Совершенно очевидно, что они прекрасно понимали меня без слов, но они не хотели общаться со мной без слов! Выражение словами очевидного они считали необходимым и выставляли блок, если не слышали хотя бы пары-тройки слов. Слов, ничего не значащих, но составляющих, по их глубокому убеждению, важнейший элемент обязательной программы. Ты видишь: она тебя прекрасно поняла. Но нет! Она будет делать вид, что не поняла ничего! Ты ей обязательно словами скажи о том, что она и без слов прекрасно поняла. Только тогда(!) она сделает вид, что всё поняла. Ты ей глазами, может, поэму целую прочел, а ей надо, чтобы ты обязательно сказал слова – пусть «Чижик-пыжик попку мыл», но словами.
Я научился. Очень помогли цитаты. Спасибо маме с отцом – я рос начитанным мальчиком. Хотя мысль говорить не своими словами осенила меня не сразу. Раза три я тужился неслабо, чтобы сочинить своего «Чижика-пыжика». А потом, решив признать собственное бессилие, процитировал что-то из Шекспира. Я ждал, что сейчас меня засмеют. Я был убежден, что все девочки еще задолго до меня прочли все книжки, и Шекспира в первую очередь. А вместо смеха увидел восхищенно блестевшие глаза. И я стал вспоминать. Импровизировать с цитатами. Никогда не готовил их заранее, но в любой ситуации пара русских литературных слов и даже фраз мне всегда на ум приходили. И я с удовольствием цитировал. Со временем до такой степени навострился к месту вставлять цитаты, что прослыл искушенным кавалером. Я решил, что преодолел самое трудное. Еще чуть-чуть, и слава Дон Жуана меня бы настигла. Вместо славы Дон Жуана меня настигло непредвиденное – серьезные отношения.
Мне так сказали, честное слово! Она мне сказала, что у нас с ней серьезные отношения. Сам бы я в тот момент до такого еще не додумался. Девушку звали Марина. Я ей понравился. Она напросилась ко мне в гости. Ходила по квартире и что-то складывала в уме. Было видно, что ей не хватает блокнота, чтобы записывать и зарисовывать. «Эта квартира требует серьезного осмысления», – так можно было бы прочитать выражение ее лица, когда она со мной прощалась. Марина не стала откладывать выводы в долгий ящик и всё решила сама. Она сообщила мне и всем нашим знакомым, что у нас с ней всё серьезно.
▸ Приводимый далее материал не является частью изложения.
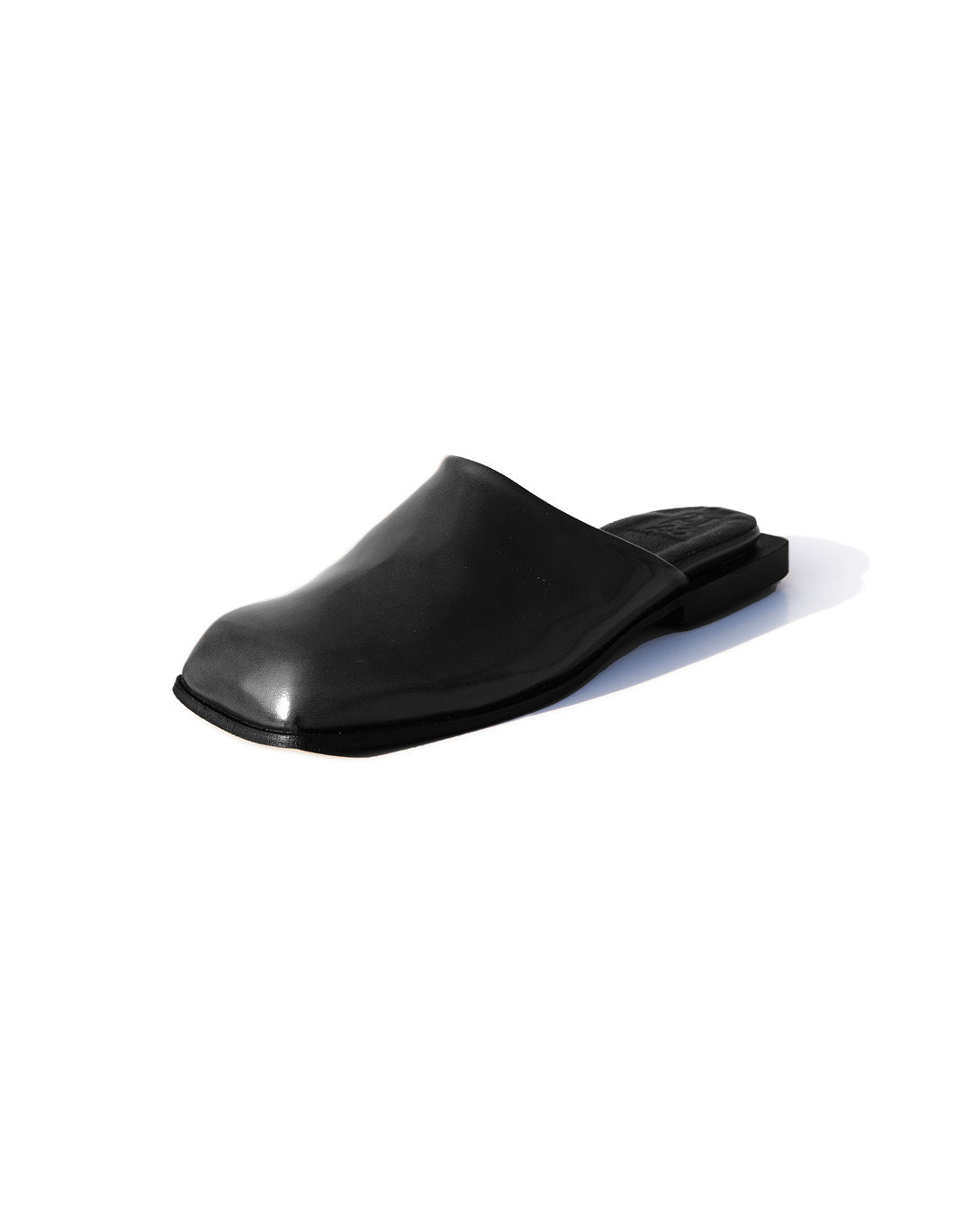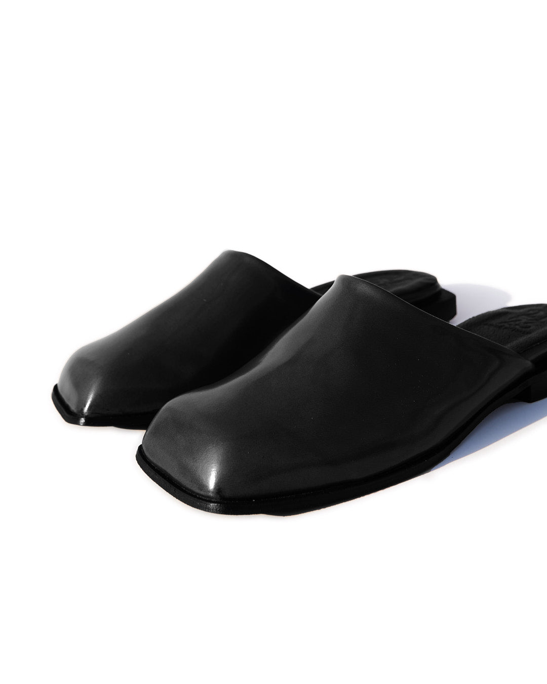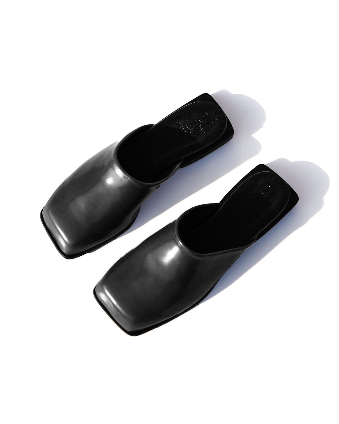 Realizzato in pelle di vitello nera, con suola monoblocco in microlite e tacco basso da 1 cm, unisce artigianalità e funzionalità con eleganza scultorea.
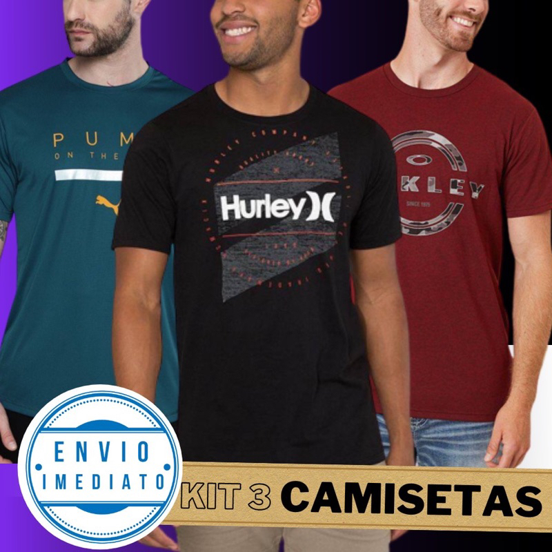 Kit 3 camisetas masculinas multimarcas camisa 100% algodão fio 30.1 penteado
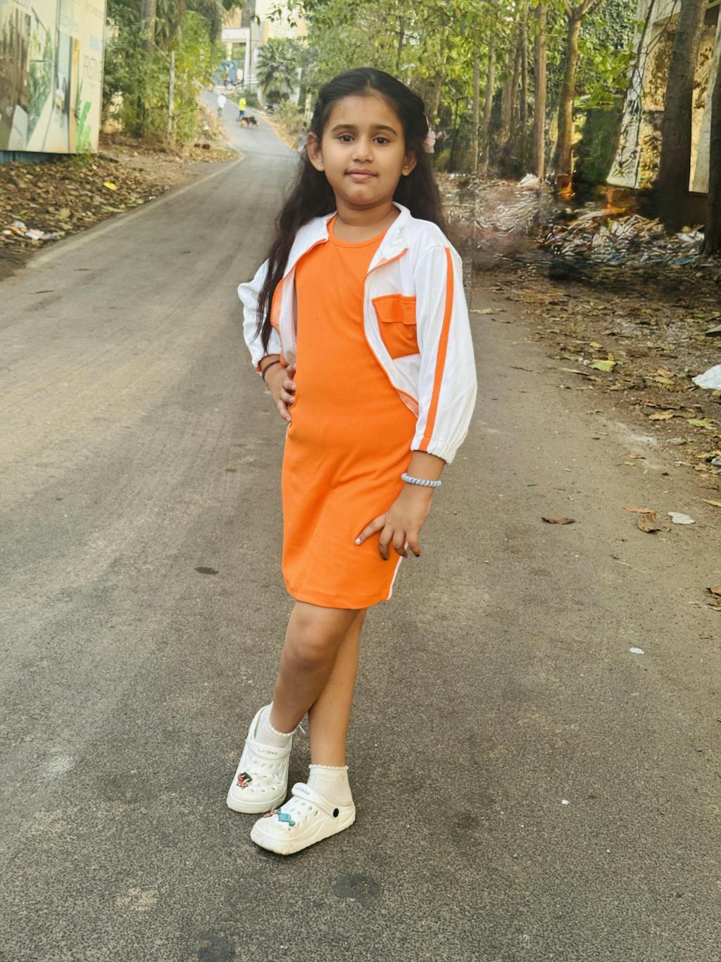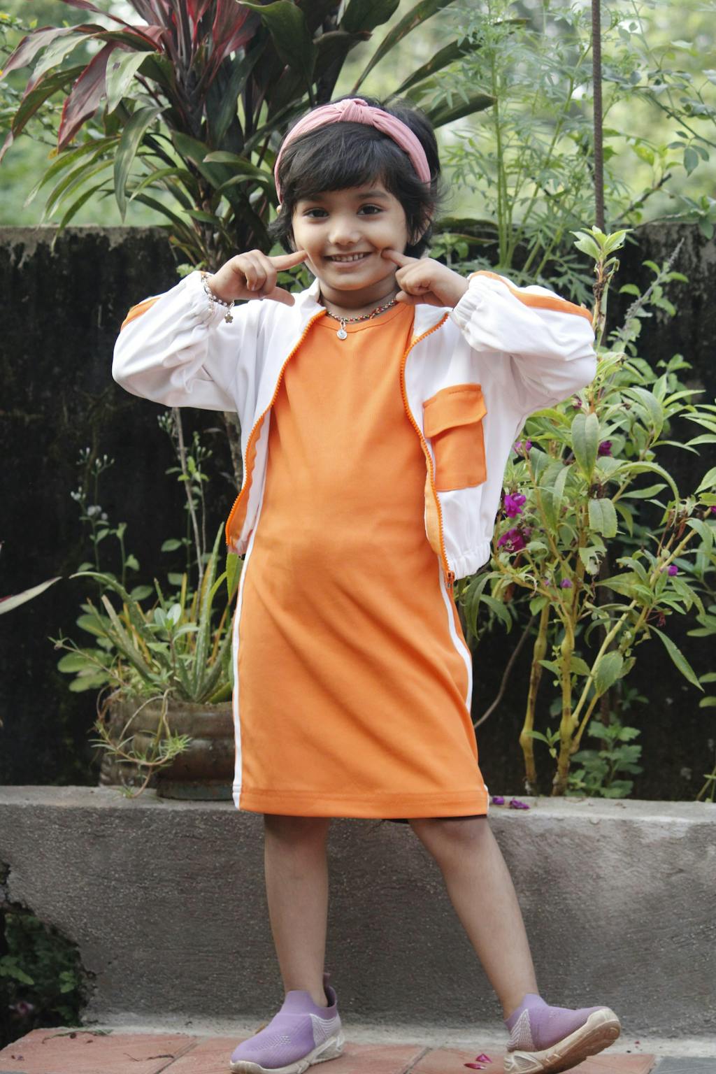 This charming orange and white bodycon dress is perfect for your little fashionista! Designed with a stylish zipper, it offers a snug fit that flatters while ensuring comfort. The vibrant colors and playful design make it an ideal choice for any occasion, whether it's a party or a casual day out. Let her shine in this delightful dress that combines fun and flair effortlessly !!

Непосредственно в тот момент я никаких неприятных ощущений не испытал, а потому сотрясать воздух опровержениями не стал. Ну, серьезно, так серьезно. Чем мне это, собственно, грозит? Главное, она сама всё говорит, а мне можно молчать. Но не тут-то было. Однажды совершенно непреднамеренно я не ответил ей на какой-то вопрос. Марина принялась выяснять: почему? Я растерялся. Не потому, что не смог ответить. Отнюдь. Ответа на ее вопрос в природе не существовало вовсе. Это я понимал очень хорошо. Растерялся потому, что понял: цитаты в данной ситуации не помогут. Вся литература тут бессильна. Даже та, которую я еще не постиг. Мое совершенное и единственное оружие в данной ситуации не действует. Открытие оказалось не из приятных, скажу я вам.
Марина же не унималась. Она самоотверженно строила наши отношения, на каждом шагу что-то со мной выясняя. Так я задумался, верно ли Марина понимает, что есть «серьезные отношения»? Мне эти её экзерсисы – выяснения отношений – давались трудно. Очень трудно. Я чувствовал собственную никчемность и полное бессилие в этих сценах. Марина «тренировала» наши чувства с упоением. Я видел счастье в ее глазах. Будто она с детства мечтала вырасти, найти парня и до смерти довыяснять с ним отношения. До смерти парня, конечно. Когда я увидел такую картинку в ее глазах, я понял, что к чему-то настолько серьезному пока не готов. Как честный человек, раздумавший жениться, я стал думать, как об этом сообщить Марине.
Решения придумать я не мог. Довольно долго. Марина сама мне помогла. Она в очередной раз попыталась вывести меня на чистую воду, чтобы потом милостиво простить. Кажется, сыр-бор разгорелся из-за того, что я куда-то опоздал на полторы минуты. Вдруг я вспомнил, как в моем детстве мама могла неубедительно говорить, но при этом совершенно недвусмысленно и весьма категорично посмотреть, и попытался столь же однозначно посмотреть на Марину. Она замолчала. Сказала: «Сам дурак!» – и убежала.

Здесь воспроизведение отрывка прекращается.